For the moment we hard-code an initial set of parameters.

architecture

Detailed Architecture:
– The input is a (64,64,3) image which is flattened to a vector of size (12288,1).
– The corresponding vector: [x_0,x_1,...,x_{12287}]^T is then multiplied by the weight matrix W.
– You then add a bias term (the intercept b). the result is the linear unit.
– next, we take its ReLU (Rectified Linear Unit) to get the vector: [a_0^{[1]}, a_1^{[1]},..., a_{n^{[1]}-1}^{[1]}]^T.
Each activation vector has a different size depending on the number of units the layer.
– The process is repeated for each hidden layer (in our case three times) and several times (number of iterations), each time calculating the loss and back-propagating appropriate changes in the weights until the wished loss is reached.
– Finally, we take the sigmoid of the final linear unit. If it is greater than 0.5, we classify it to be a cat.

### CONSTANTS DEFINING THE MODEL ####
n_x = train_set_x_flatten.shape[0]     # size of input layer
n_y = 1  # size of output layer, will be 0 or 1
    # we define a neural network with total 5 layers, x, y and 3 hidden:
    # the first hidden has 20 units, second has 7 units and third has 5
nn_layers = [n_x, 20, 7, 5, n_y]  # length is 5 (layers)

nn_layers
[Out:] [12288, 20, 7, 5, 1]

5 – Initializing parameters

There are two types of parameters to initialise in a neural network:
– the weight matrices W^{[i]}
– the bias vectors b^{[i]}

The weight matrix is initialised with random values while the bias vector as a vector of zeros.
In general, initialising all the weights to zero results in the network failing to break symmetry. This means that every neuron in each layer will learn the same thing and the network is no more powerful than a linear classifier such as logistic regression.

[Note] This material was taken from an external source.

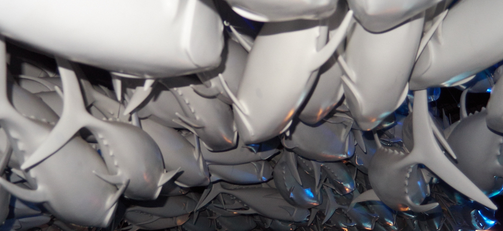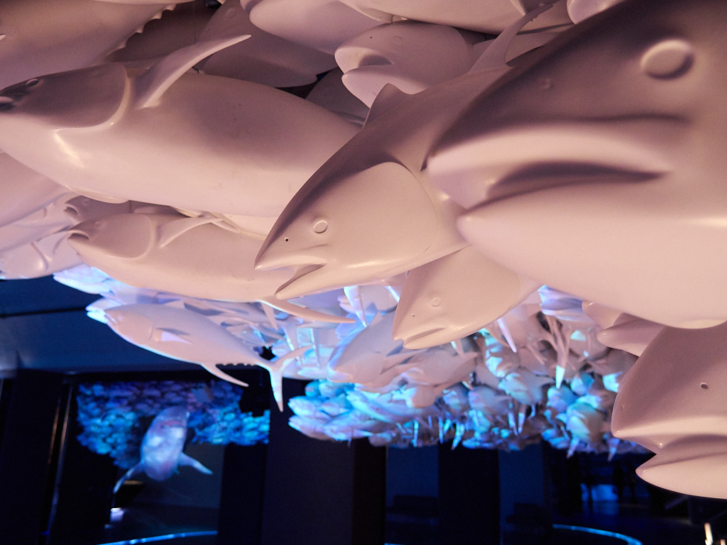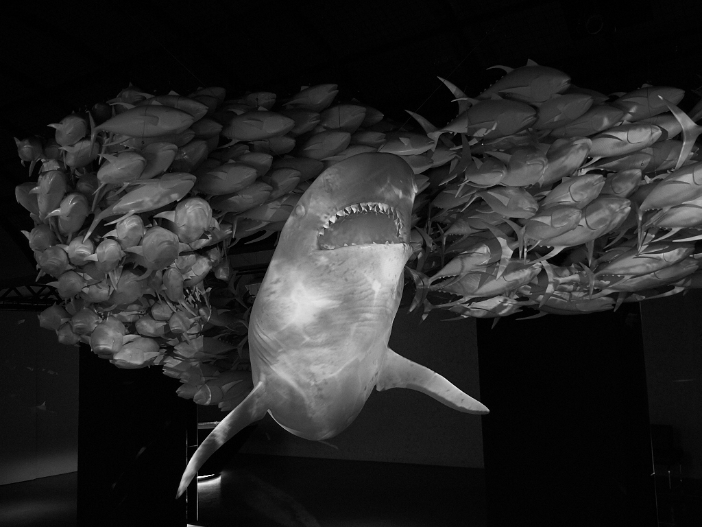 Chyba największe wrażenie robi wisząca pod sufitem ławica ryb (1500 sztuk!), a wśród nich polujący rekin. Kilka zatem ujęć tej ekspozycji w różnych wariacjach.

To break symmetry, we initialise the weights randomly. Following random initialisation, each neuron can then proceed to learn a different function of its inputs.
Of course, different initializations lead to different results and poor initialisation can slow down the optimisation algorithm.

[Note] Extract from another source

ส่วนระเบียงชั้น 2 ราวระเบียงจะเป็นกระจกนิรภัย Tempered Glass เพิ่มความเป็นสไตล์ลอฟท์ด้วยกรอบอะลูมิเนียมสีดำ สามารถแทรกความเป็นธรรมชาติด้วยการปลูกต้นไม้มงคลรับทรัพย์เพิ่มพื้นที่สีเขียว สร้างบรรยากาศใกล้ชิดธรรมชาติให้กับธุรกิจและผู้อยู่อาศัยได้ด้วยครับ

One good practice is not to initialise to values that are too large, instead what bring good results are the so-called Xavier (pdf of the paper) or the He (for ReLU activation) initialisations (pdf of the paper).

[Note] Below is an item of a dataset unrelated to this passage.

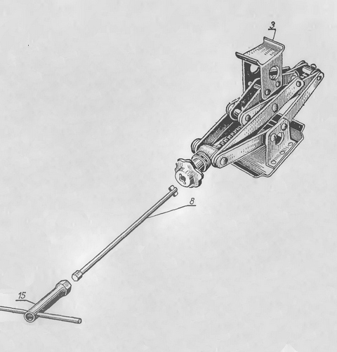 Можливо це і є, домкрат від М-400/401, також схожий як від Kadett/Olympia, але в будь якому випадку з "модернізованою" ручкою від лещат.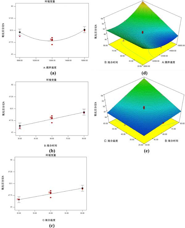圖2:(a)混合速度、(b)混合時(shí)間和(c)混合溫度與活性炭催化氧化百分比相關(guān)的模型圖和(d)混合時(shí)間和混合速度和(e)相互作用的影響的3D模型圖。

5.1 – L-layer Neural Network

The initialisation for an L-layer neural network is complicated because there are many weight matrices and bias vectors. Need to make sure that the dimensions match between each layer.

– The model’s structure has L-1 layers using a ReLU activation function followed by an output layer with a sigmoid activation function.
– We will store n^{[l]}, the number of units in different layers, in a variable `layer_dims`. For example, a model with two inputs, one hidden layer with 4 hidden units and an output layer with 1 output unit would have dimensions equal to [2,4,1]. Thus means `W1`’s shape is (4,2), `b1` is (4,1), `W2` is (1,4) and `b2` is (1,1).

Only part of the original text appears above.